Поговорим о чем-нибудь смешном —

ну, например, какие ждут нас риски…

(1992, Москва)

Жизнь

Сначала медленно тянулась

и все хотелось поскорей.

Едва сознание проснулось,

я знал, что смертен и еврей.

И так хотелось жизни взрослой,

но мама чтоб не умерла,

а оказалось, все непросто,

когда взяла да понесла.

И так несется в рваном ритме,

пока не лопнет колесо,

и только сердце в такт стучит мне:

пока не все, пока не все…

(1983—2017)

«Ты к слову относишься плево…»

К Л.

Ты к слову относишься плево,

но я – филоло́г и еврей.

Почти что как дело мне слово:

в нем пушечный гром батарей

и летних громов канонада —

почти спецэффект и салют,

но землю ровняют снаряды

и молнии в дерево бьют.

Отсюда лесные пожары

и гибель людей и зверей.

Так поняли слово недаром

когда-то и грек, и еврей.

Отсюда и магия слова,

шаманская сила имен

и виденье слова – такого,

которым был мир сотворен.

А ты говоришь, что неважно:

слова – это только слова,

не больно совсем и не страшно,

когда их роняешь едва.

Пустого болтания биты,

не значащие значки.

И ходишь живой, как убитый,

от словом рожденной тоски.

(2012, Нью-Йорк)

Подражание Дикинсон (303)

Душа себе нафрендит шушеру

и трепачей,

и в интернет навалит мусору —

ведь он ничей.

В фейсбучной проходной обители

шумит салон,

и в закуте для вытрезвителя

царит бонтон.

Хозяйкина благотворительность

на всех одна.

один я проявляю бдительность:

беги говна!

(2013, Нью-Йорк)

* * *

От камня по воде круги, растопит айсберг пламень спички. Но, милый друг, себе не лги, раз не умеешь с непривычки. Вольно ж тебе признать стихи за формулу различий духа, за дистрибуцией стихий следя вполглаза и вполуха. Ведь и железная строка слаба для притяженья истин, а гравитация легка лишь там, где бег планет расчислен. Всем сестрам по серьгам раздай, наплюй на пол и свойства наций и радуйся, внеся раздрай в науку идентификаций. Забыть себя, побыть другим, чтоб ощутить родство в их шкуре и архетип принять, как гимн, стоймя в любой архитектуре.

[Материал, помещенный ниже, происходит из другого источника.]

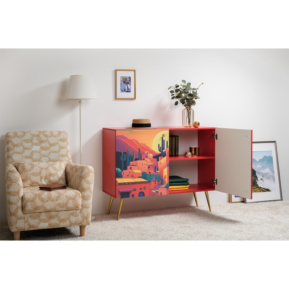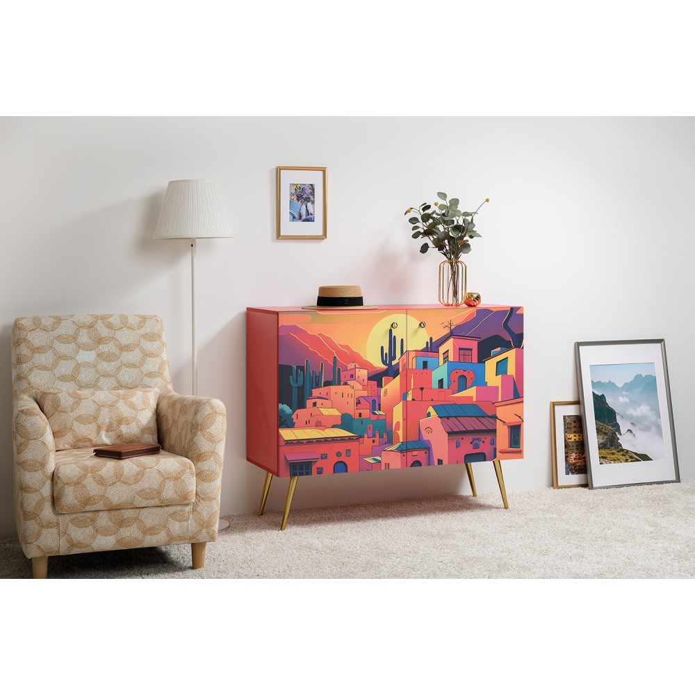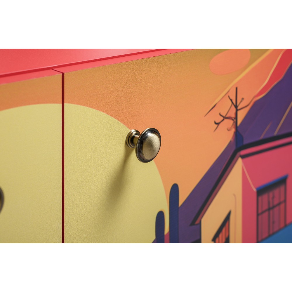 Комод Кармин с необычным, красочным дизайном станет ярким акцентом в любом интерьере. Его фасады украшены уникальными узорами и яркими цветами, которые привлекают внимание и создают атмосферу уюта.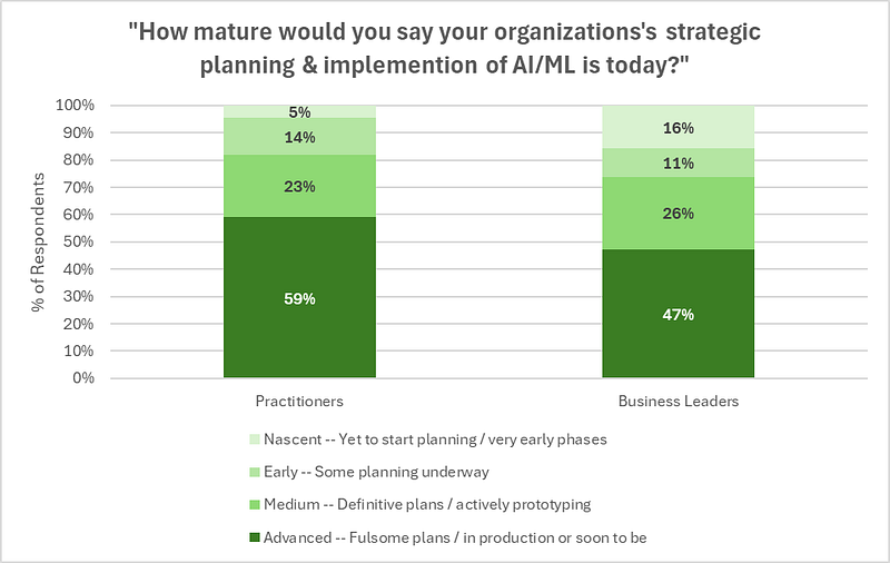 When asked, both subsets of respondents — business leaders (e.g. CEOs, COOs, CROs, CMOs) and technical practitioners (e.g. CTOs, CISOs, CIOs, CDOs) — on average confirmed that the planning & implementation of AI features is well underway at their organizations. This is broadly in line with other recent studies of enterprise AI adoption (e.g. IBM’s), though our bifurcation of respondents also highlights how business leaders generally viewed their organization’s AI strategy/implementation as less mature than practitioners.

А что же дух? Постой, постой, здесь только кожа, только кости… мы ненадолго, на постой, с одной пропиской на погосте.

(сентябрь 2013, Нью-Йорк)

Ответ

А я молчу, сжав зубы за стеной,

тебе в стекло дыша январской стужей,

и с репликой все той же, с той одной,

что сдавливает горло – и все туже.

Играем пьесу странную, как жизнь,

где все экспромт и драматург аноним.

Подмостки ходят, но актер держись,

пока мы молча монологи гоним.

Невысказанность – та, что рвется с губ,

гуляет эхом в темном полном зале,

а зритель хочет бис, поскольку глуп,

и жадно ждет катарсиса в финале.

Сюжет так прост: сошлись два гордеца —

лиса и журавель из детской сказки,

чтоб там, где у начала нет конца,

сорвать с лица наклеенные маски.

Покамест ждем, кто первым включит свет,

одним движеньем рук разгонит морок,

запасы тают отведенных лет,

и каждый день невозвратимо дорог.

(2013, Нью-Йорк)

Загрузка...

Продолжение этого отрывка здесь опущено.